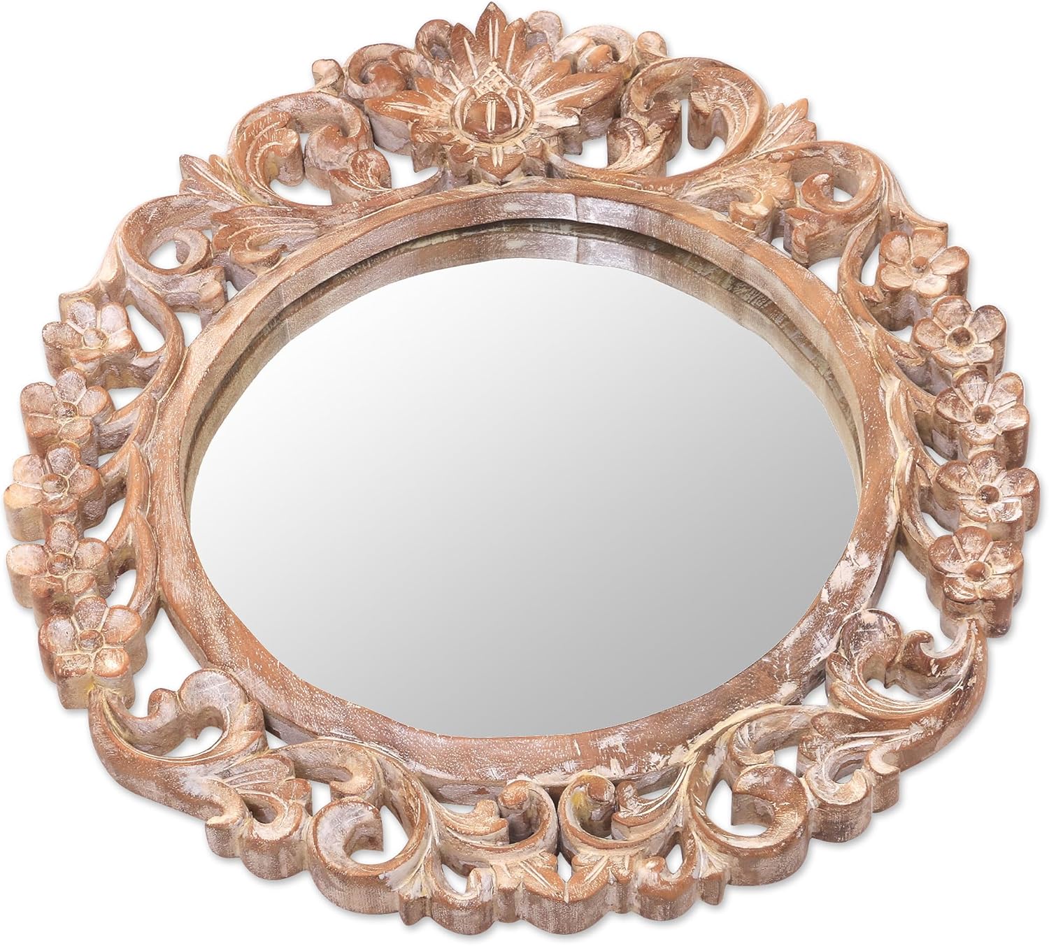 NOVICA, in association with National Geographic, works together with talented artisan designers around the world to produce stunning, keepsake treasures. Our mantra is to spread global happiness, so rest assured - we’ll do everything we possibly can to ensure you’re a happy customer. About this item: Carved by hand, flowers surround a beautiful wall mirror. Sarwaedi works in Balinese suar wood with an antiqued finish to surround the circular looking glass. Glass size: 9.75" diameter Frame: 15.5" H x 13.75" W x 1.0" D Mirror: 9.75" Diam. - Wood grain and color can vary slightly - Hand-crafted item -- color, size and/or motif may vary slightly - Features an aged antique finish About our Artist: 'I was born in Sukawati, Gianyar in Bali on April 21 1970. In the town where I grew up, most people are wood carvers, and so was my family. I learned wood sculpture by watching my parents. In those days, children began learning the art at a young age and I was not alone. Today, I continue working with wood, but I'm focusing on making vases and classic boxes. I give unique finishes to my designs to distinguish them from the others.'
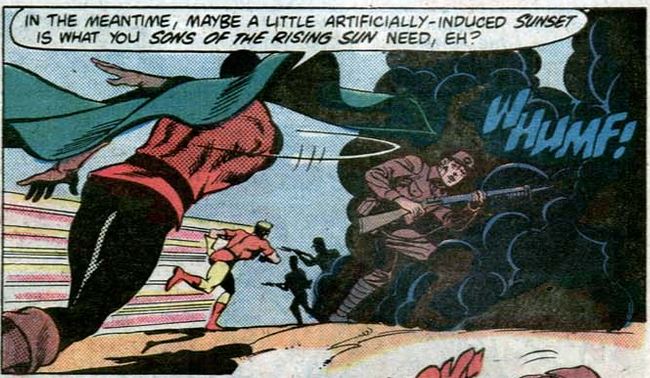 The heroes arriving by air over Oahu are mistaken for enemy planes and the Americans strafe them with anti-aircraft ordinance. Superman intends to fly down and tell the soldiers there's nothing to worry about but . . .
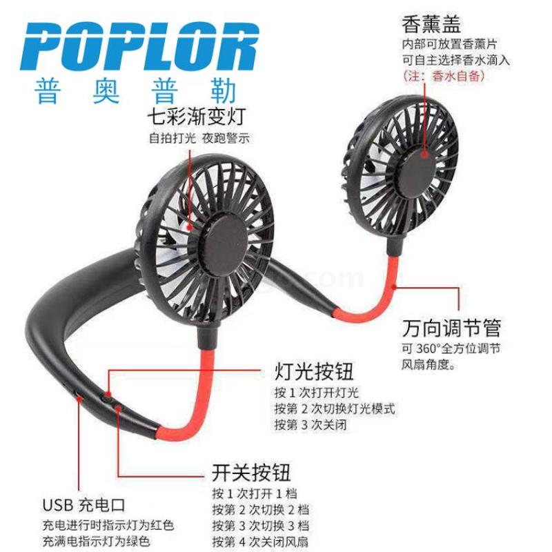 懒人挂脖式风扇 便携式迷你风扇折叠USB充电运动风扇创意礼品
═══
• **ACTIVITY**
Omit the pictures and give the material again, exactly and in full.

• **FINISHED EXERCISE**
 NOVICA, in association with National Geographic, works together with talented artisan designers around the world to produce stunning, keepsake treasures. Our mantra is to spread global happiness, so rest assured - we’ll do everything we possibly can to ensure you’re a happy customer. About this item: Carved by hand, flowers surround a beautiful wall mirror. Sarwaedi works in Balinese suar wood with an antiqued finish to surround the circular looking glass. Glass size: 9.75" diameter Frame: 15.5" H x 13.75" W x 1.0" D Mirror: 9.75" Diam. - Wood grain and color can vary slightly - Hand-crafted item -- color, size and/or motif may vary slightly - Features an aged antique finish About our Artist: 'I was born in Sukawati, Gianyar in Bali on April 21 1970. In the town where I grew up, most people are wood carvers, and so was my family. I learned wood sculpture by watching my parents. In those days, children began learning the art at a young age and I was not alone. Today, I continue working with wood, but I'm focusing on making vases and classic boxes. I give unique finishes to my designs to distinguish them from the others.'
 The heroes arriving by air over Oahu are mistaken for enemy planes and the Americans strafe them with anti-aircraft ordinance. Superman intends to fly down and tell the soldiers there's nothing to worry about but . . .
 懒人挂脖式风扇 便携式迷你风扇折叠USB充电运动风扇创意礼品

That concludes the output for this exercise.